Поезд вышел из Парижа в шесть часов. Когда сумерки сгустились и в вагоне зажегся свет, мое купе показалось мне еще элегантнее. Кондуктор, человек уже в летах, тихонько постучавшись, спросил разрешения войти и, получив таковое, почтительно приложил руку к фуражке; возвращая билет, он снова откозырял. Этому славному человеку, на лице которого были написаны честность и добропорядочность, при исполнении своих обязанностей приходилось соприкасаться с представителями самых различных слоев общества, в том числе с подозрительными элементами, и сейчас ему было приятно приветствовать в моем лице благовоспитанного аристократа, самый вид которого производит облагораживающее действие. И право, этому кондуктору уже нечего было тревожиться о моей участи, когда я перестану быть его пассажиром. На сей раз и я вместо участливых расспросов о его семейном положении только благосклонно ему улыбнулся и кивнул сверху вниз; он же, как человек консервативных взглядов, от такой милости, надо думать, преисполнился преданности, граничащей с готовностью защищать меня собственной грудью.

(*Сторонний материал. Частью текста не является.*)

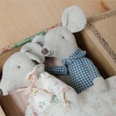 Oma & Opa tragen ihre Nachtwäsche und schöne Schuhe. Die Zigarrenkiste ist ein perfektes Bett für einen erholsamen Schlaf und süße Träume. Erweiter die Garderobe mit lockeren Kleidungsstücken, um ein perfektes Spielset zu erstellen.

Официант, разносивший билетики на обед в вагон-ресторане, тоже дал знать о себе деликатным стуком в дверь. Я взял у него номер, и так как вскоре уже зазвонил гонг, возвещавший начало обеда, то я, чтобы немного освежиться, вынул из сетки свой несессер, изобилующий самыми различными дорожными принадлежностями, поправил галстук перед зеркалом и пошел по вагонам в ресторан, где корректнейший метрдотель гостеприимным жестом тотчас же пододвинул мне стул.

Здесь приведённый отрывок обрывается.